Unnamed: 0,id,keyword,location,text,target
0,1,,,deed reason earthquake may forgive,1
1,4,,,forest fire near la canada,1
2,5,,,resident ask shelter place notify officer evac...,1
3,6,,,receive wildfire evacuation order,1
4,7,,,get send photo ruby smoke pour school,1


In [25]:
# train = train.dropna(subset=['text'])

In [26]:
train.shape

(7591, 5)

<a id="2"></a> 
#### 1. Feature Selection [⏮️](#1)[👆🏽](#0)[⏭️](#3)

In [27]:
# Concatenate 'text' and 'Keywords' if 'Keywords' is not NaN
# train['combined_text'] = train.apply(
#     # lambda row: f"{row['text']} {row['keyword'] or ''} ".strip(),
#     lambda row: f"{row['text']} {row['keyword'] or ''} {row['location'] or ''}".strip(),

#     axis=1
# )
# X = train['combined_text']
X = train["text"]
y = train['target']
X

0                      deed reason earthquake may forgive
1                              forest fire near la canada
2       resident ask shelter place notify officer evac...
3                       receive wildfire evacuation order
4                   get send photo ruby smoke pour school
                              ...                        
7586     two giant crane hold bridge collapse nearby home
7587    aria control wild fire even northern part stat...
7588                                              volcano
7589    police investigate bike collide car little bik...
7590                     late home raze northern wildfire
Name: text, Length: 7591, dtype: object

##### CHI2 test

In [28]:


# # Sample data - Replace this with your tweets and labels
# data = train
# tweets = data["text"]
# labels = data["target"]

# # Convert text data to numerical features
# vectorizer = CountVectorizer(stop_words='english')
# X = vectorizer.fit_transform(tweets)


# # Apply Chi-Square test
# chi2_scores, p_values = chi2(X, y)

# # Create a DataFrame to view feature names and their scores
# feature_names = vectorizer.get_feature_names_out()
# chi2_df = pd.DataFrame({'Feature': feature_names, 'Chi2 Score': chi2_scores})
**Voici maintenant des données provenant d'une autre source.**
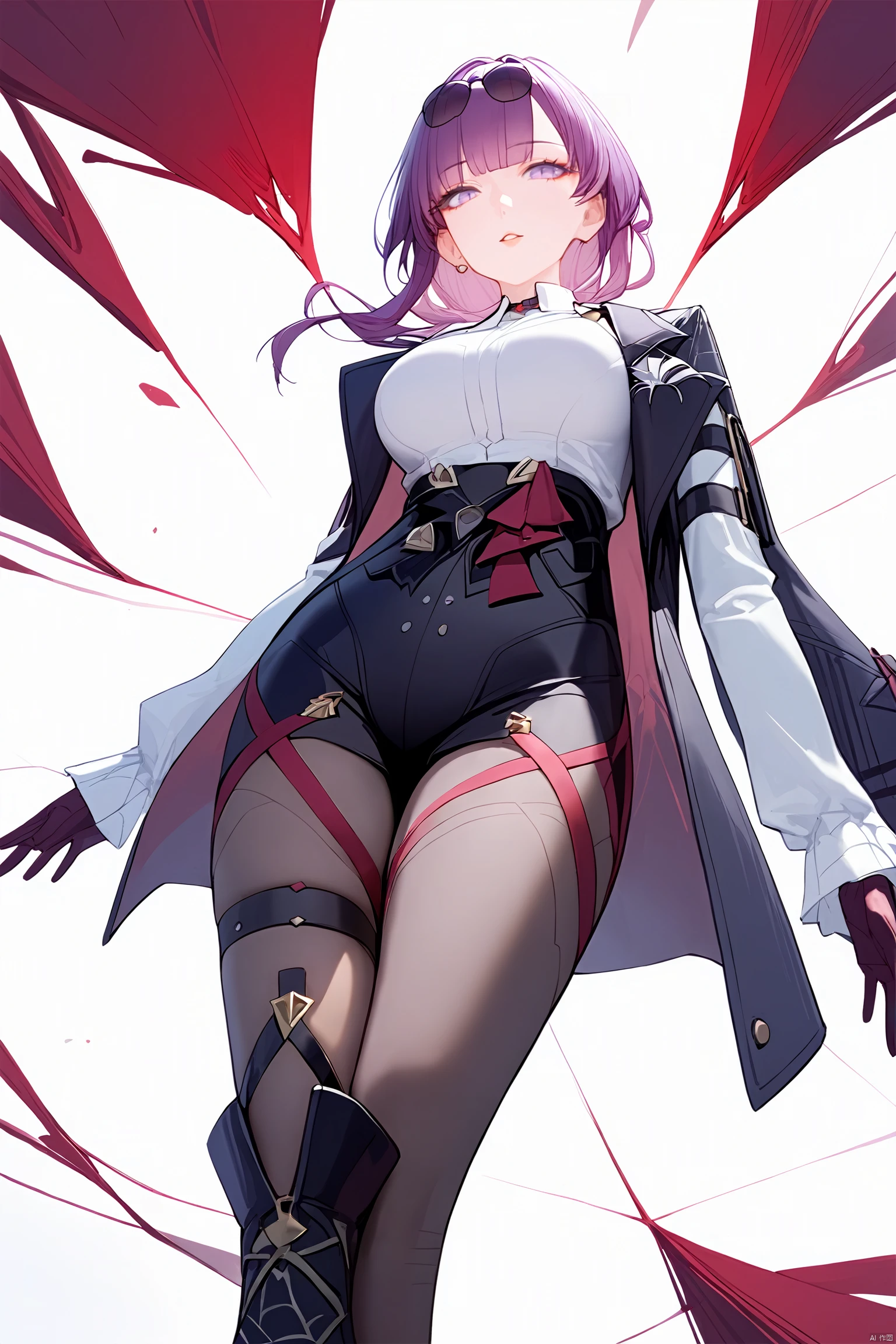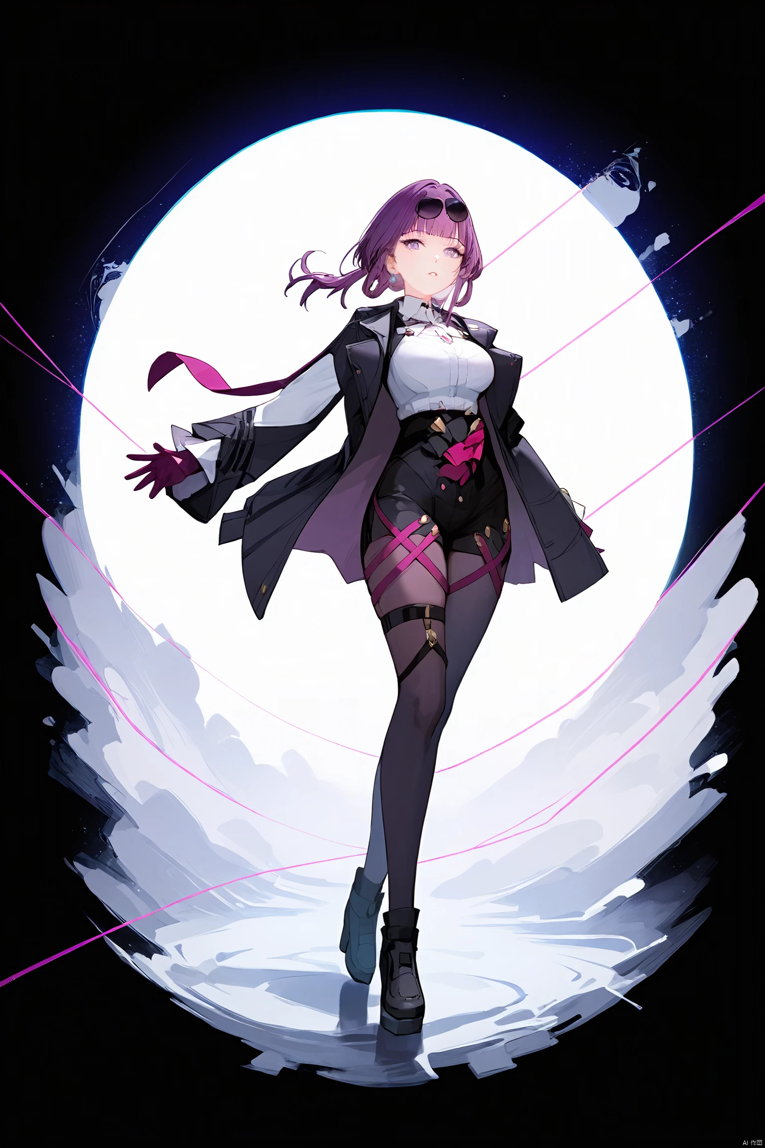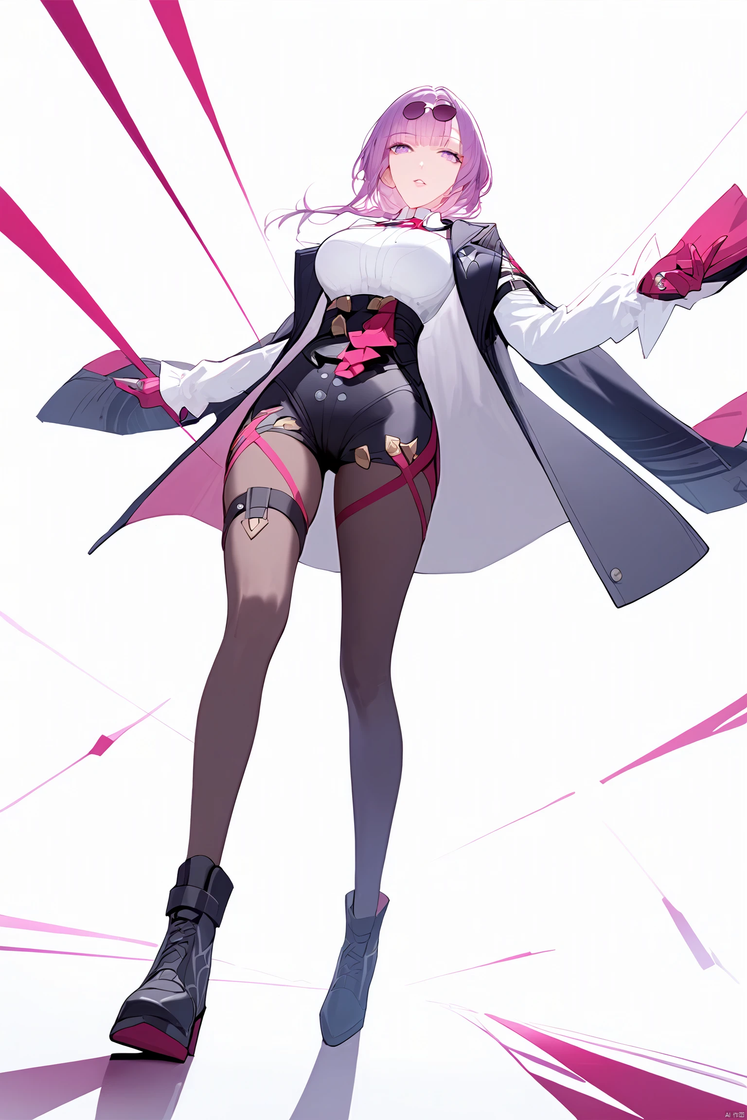 kafuka, 1girl, gloves, pantyhose, purple hair, sunglasses, eyewear on head, ?????????????, white shirt, black short, black footwear, boot,bangs, long sleeves, purple eyes,jacket,
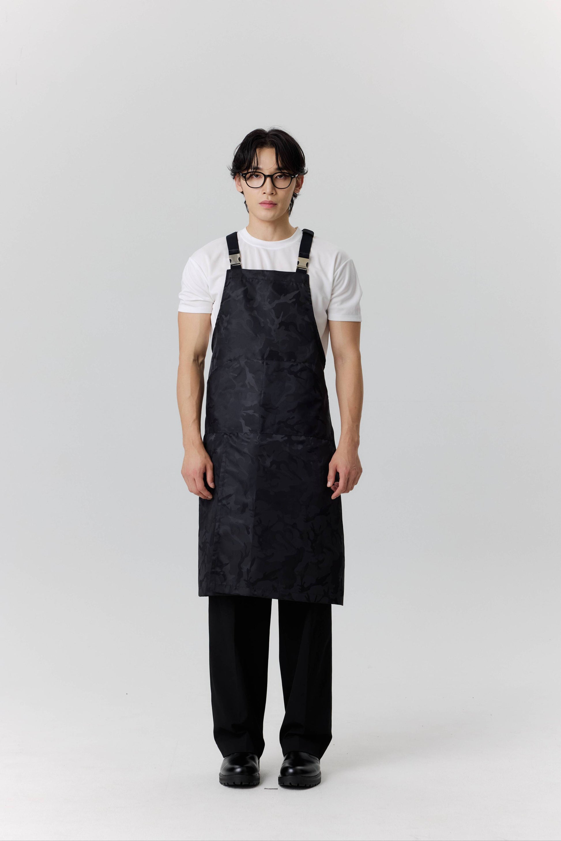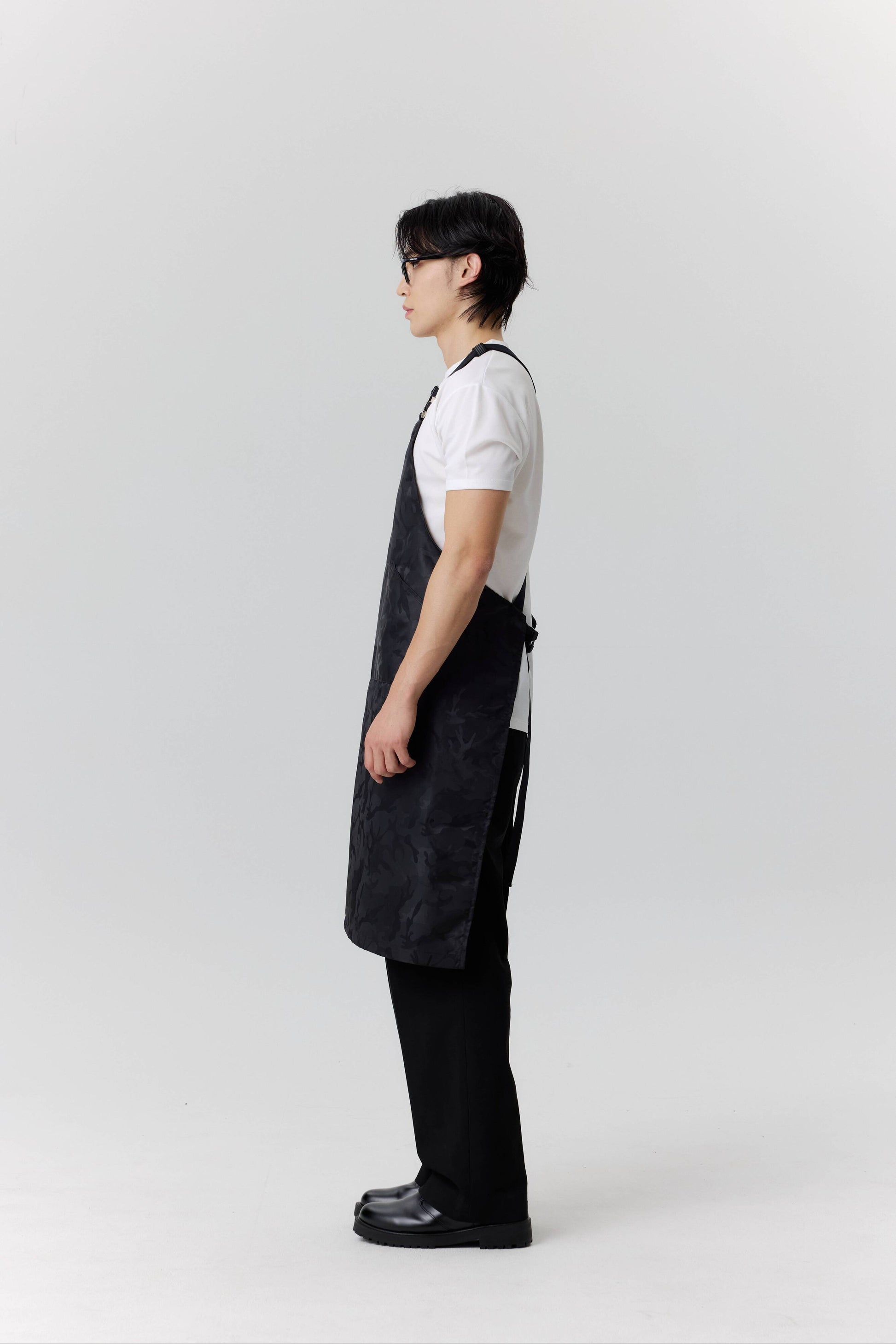 生活撥水はもちろん、染毛剤、化学薬品の使用に不可欠な耐久性の強い生地で製作し、負担にならないカモフラージュパターンがスポーティなムードを演出します。

# # Sort by Chi2 Score in descending order
# chi2_df = chi2_df.sort_values(by='Chi2 Score', ascending=False)

# # Display the top features
# print(chi2_df.head(20))


<a id="2"></a> 
#### 2. Vectorisation [⏮️](#2)[👆🏽](#0)[⏭️](#4)

##### Bag of words

In [29]:
# cv = CountVectorizer()

In [30]:
# X_vect = cv.fit_transform(X)
# X_vect = X_vect.toarray()

##### TF-IDF

In [31]:
tfidf = TfidfVectorizer()

In [32]:
X_vect = tfidf.fit_transform(X)
X_vect = X_vect.toarray()
X_vect

array([[0., 0., 0., ..., 0., 0., 0.],
       [0., 0., 0., ..., 0., 0., 0.],
       [0., 0., 0., ..., 0., 0., 0.],
       ...,
       [0., 0., 0., ..., 0., 0., 0.],
       [0., 0., 0., ..., 0., 0., 0.],
       [0., 0., 0., ..., 0., 0., 0.]])

In [33]:
# df = pd.DataFrame(X_vect[2].T.todense(),
#     	index=tfidf.get_feature_names_out(), columns=["TF-IDF"])
# df = df.sort_values('TF-IDF', ascending=False)
# df

#### Word2Vec

In [34]:
# # Preprocess the text data
# def preprocess_text(text):
#     # Tokenize the text
#     tokens = word_tokenize(text.lower())
#     return tokens

# # Apply preprocessing to the text data
# X_tokenized = X.apply(preprocess_text)

# # Train Word2Vec model
# word2vec_model = Word2Vec(sentences=X_tokenized, vector_size=100, window=5, min_count=1, workers=4, sg=1)

# # Transform text data into vectors by averaging the word vectors
# def transform_text_to_vector(tokens, model):
#     word_vectors = [model.wv[word] for word in tokens if word in model.wv]
#     if len(word_vectors) == 0:
#         return np.zeros(model.vector_size)
#     return np.mean(word_vectors, axis=0)

# X_vect = X_tokenized.apply(lambda tokens: transform_text_to_vector(tokens, word2vec_model))
# X_vect = np.vstack(X_vect)



<a id="3"></a> 
#### 3. Model building [⏮️](#3)[👆🏽](#0)[⏭️](#5)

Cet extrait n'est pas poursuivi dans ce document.